By R.L. Nielsen, Agronomist

Even if grain yield monitor calibration, adjustments and operation are faithfully conducted, the resulting yield data sets almost always require some post-harvest processing and "cleaning" procedures to rid the data set of anomalies and "gremlins.” Failure to do so does not result in catastrophe, but contributes to errors in subsequent spatial analysis and interpretation of the data. Farmers can conduct these harvest data processing and "cleaning" procedures themselves with commercially available mapping software or outsource the tasks to a service provider.

Doing it yourself requires the software (an expense) and the knowledge to operate the software (time and talent). Commercially available mapping software programs vary in their processing and "cleaning" capabilities, flexibilities and user-friendliness. Consequently, doing it yourself can be a rewarding challenge or a frustrating task.

Outsourcing the task involves some expense (up front or hidden in other service fees) and trust that the service provider knows what they are doing. Automatic, wireless uploads of yield data directly from the combine to a cloud-based service does not always include the assurance that the yield data will be further processed or "cleaned.” The data may simply be stored and/or added to a larger aggregation of "big data" with no further processing or "cleaning.”

Common post-harvest data processing steps include choosing correct settings for dry bushel moisture value, dry bushel weight, stop/start time delays (affect estimated total harvest area), grain flow lag (time from header to sensor, affects positional accuracy of point data) and GPS offsets (distance from GPS antenna to header, affects positional accuracy of point data). These various settings influence the accuracy of the estimates of dry bushels per acre and the spatial accuracy of the yield data points with respect to their geo-location within the field. When yield data are properly processed, patterns of spatial yield variability are often more clearly identified (Fig. 1 before processing vs. Fig. 2 after processing)

Fig. 1. Map of yield data incorrectly processed for start/stop delays and grain flow shift. Colors: Green = highest yields; Red = lowest yields. Davis-Purdue Ag Center, Field M1 (30-ac), 2015 corn harvest.

Fig. 2. Map of yield data correctly processed for start/stop delays and grain flow shift. Colors: Green = highest yields; Red = lowest yields. Davis-Purdue Ag Center, Field M1 (30-ac), 2015 corn harvest.

Some yield monitors (particularly newer models) allow these settings to be made in the monitor display prior to harvest. Others do not and so the yield data requires using mapping software to retroactively set the values and "reprocess" the data. Not all mapping software programs provide the same options for reprocessing of yield data. Not every proprietary yield file format lends itself to reprocessing.

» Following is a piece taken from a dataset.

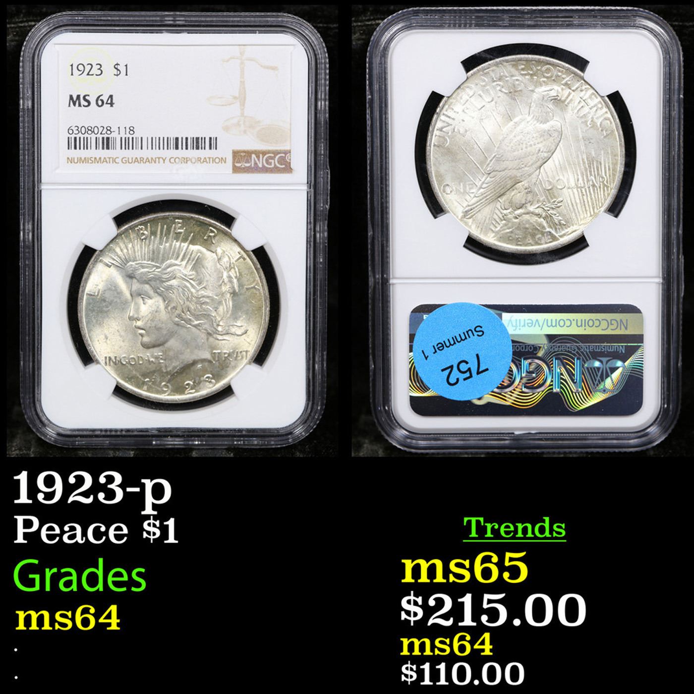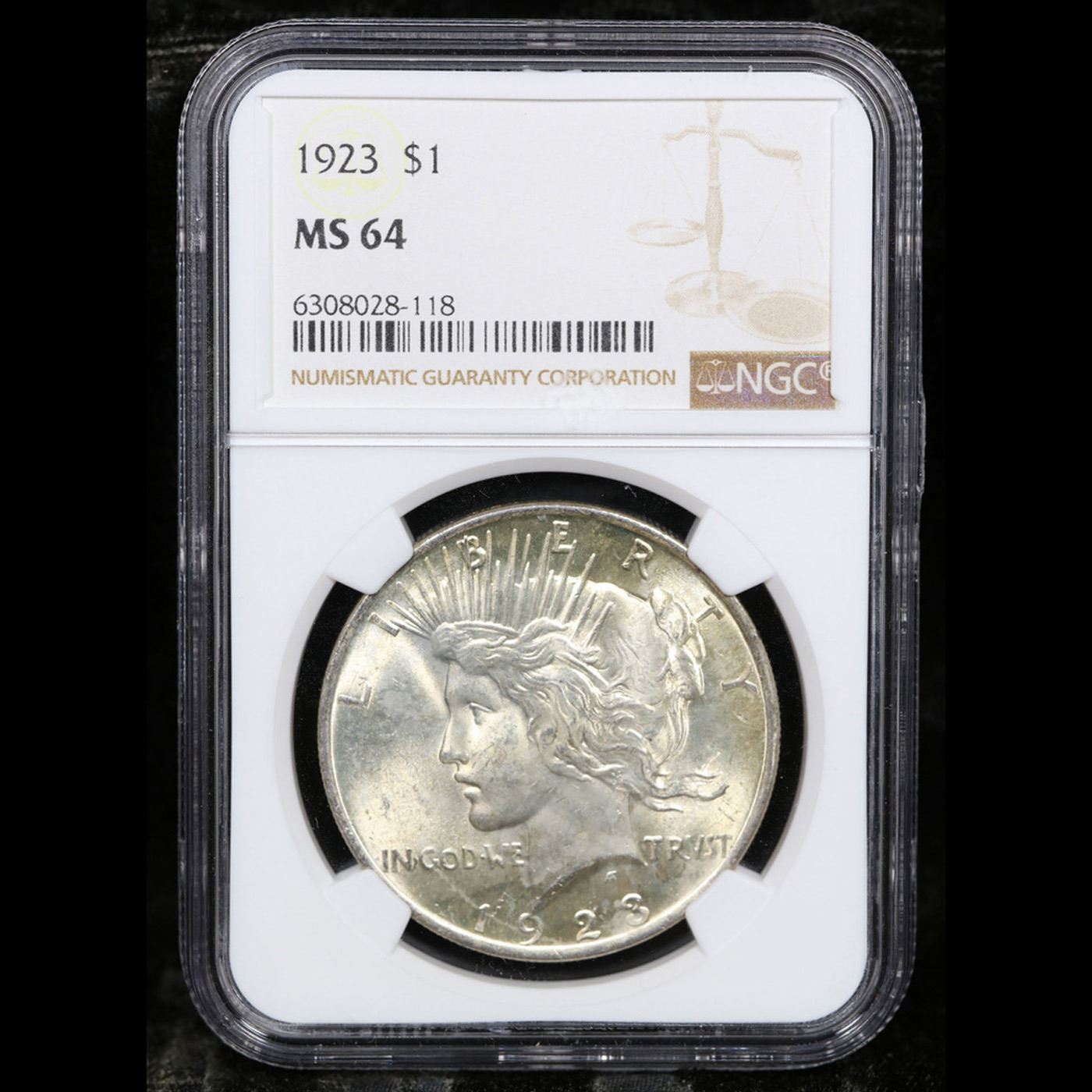 NGC 1923-p Peace Dollar $1 Graded ms64 By NGC.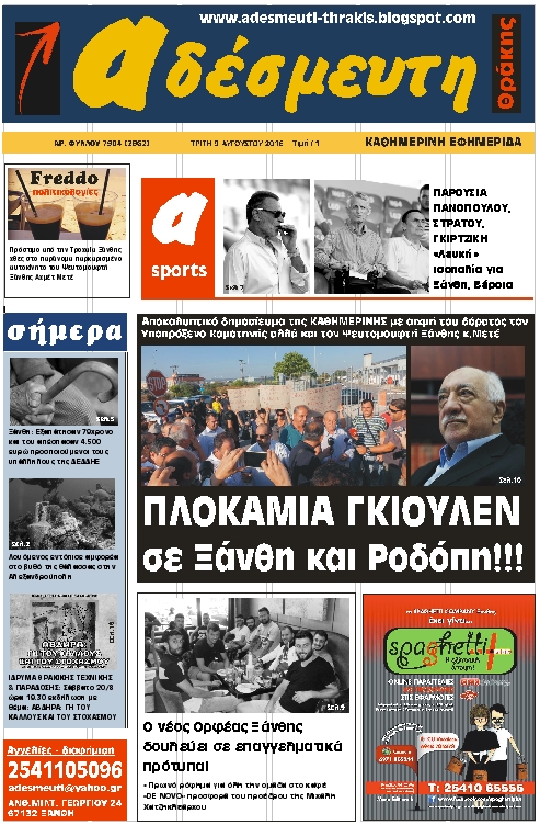 ΠΡΩΤΟΣΕΛΙΔΟ ΕΦΗΜΕΡΙΔΑΣ 8 ΑΥΓΟΥΣΤΟΥ 2016

Other anomalies and "gremlins" in yield data may literally be inaccurate point yield estimates caused by inadvertent quirks of the yield monitor system (e.g., sudden speed changes, incorrect auto-swath widths, imprecise DGPS signals and the normal grain flow dynamics inside the combine). Yield data attributes like swath width, harvest speed and DGPS signal quality can be displayed by your mapping program just like you do for yield itself. Mapping these attributes helps you more clearly visualize the location and extent of the anomalies.

Some "gremlins,” like incorrect swath widths, can be corrected during the reprocessing steps of the mapping software so that bushels per acre are recalculated accurately (Nielsen, 2014b). Other anomalies that do not directly impact yield estimates, such as incorrect assignment of hybrid labels to the yield data (Nielsen, 2014a), can be corrected with your mapping software by editing the yield file, manually selecting groups of yield data points, and replacing the hybrid label with the correct ones. True anomalies and "gremlins" (e.g., data points associated with sudden speed changes, inadvertent "header down" data points) should simply be deleted from the data set to avoid interference with your spatial interpretation of the data.